§ Task directions: For this exercise, repeat exactly the lines below starting at the line holding "DofE students braving" and ending at the line holding "Sesimbra, our favorite harbor in Portugal.", both included, with no extra lines and no pictures.

§ The input:
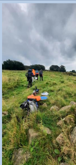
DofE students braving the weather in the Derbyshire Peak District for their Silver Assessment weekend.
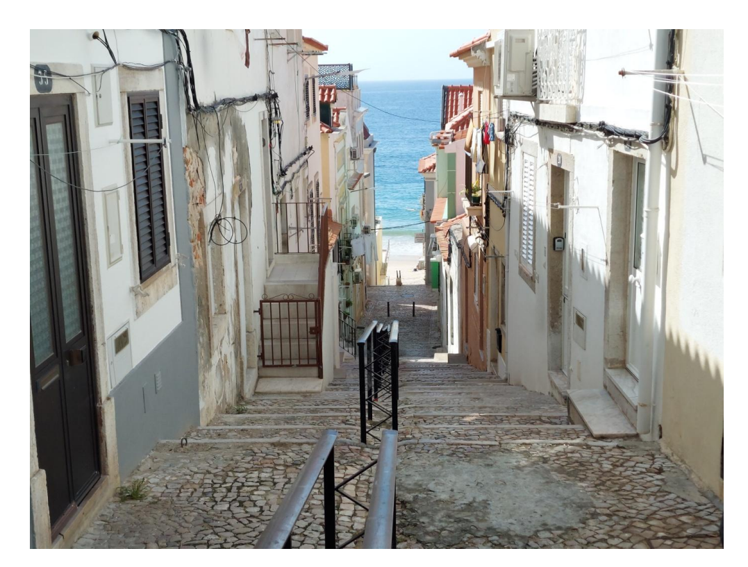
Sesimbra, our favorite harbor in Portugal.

* * *

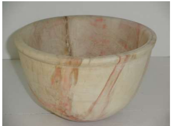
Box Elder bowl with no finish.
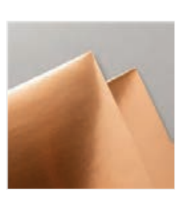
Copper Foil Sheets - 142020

§ Result of the exercise:
DofE students braving the weather in the Derbyshire Peak District for their Silver Assessment weekend.
Sesimbra, our favorite harbor in Portugal.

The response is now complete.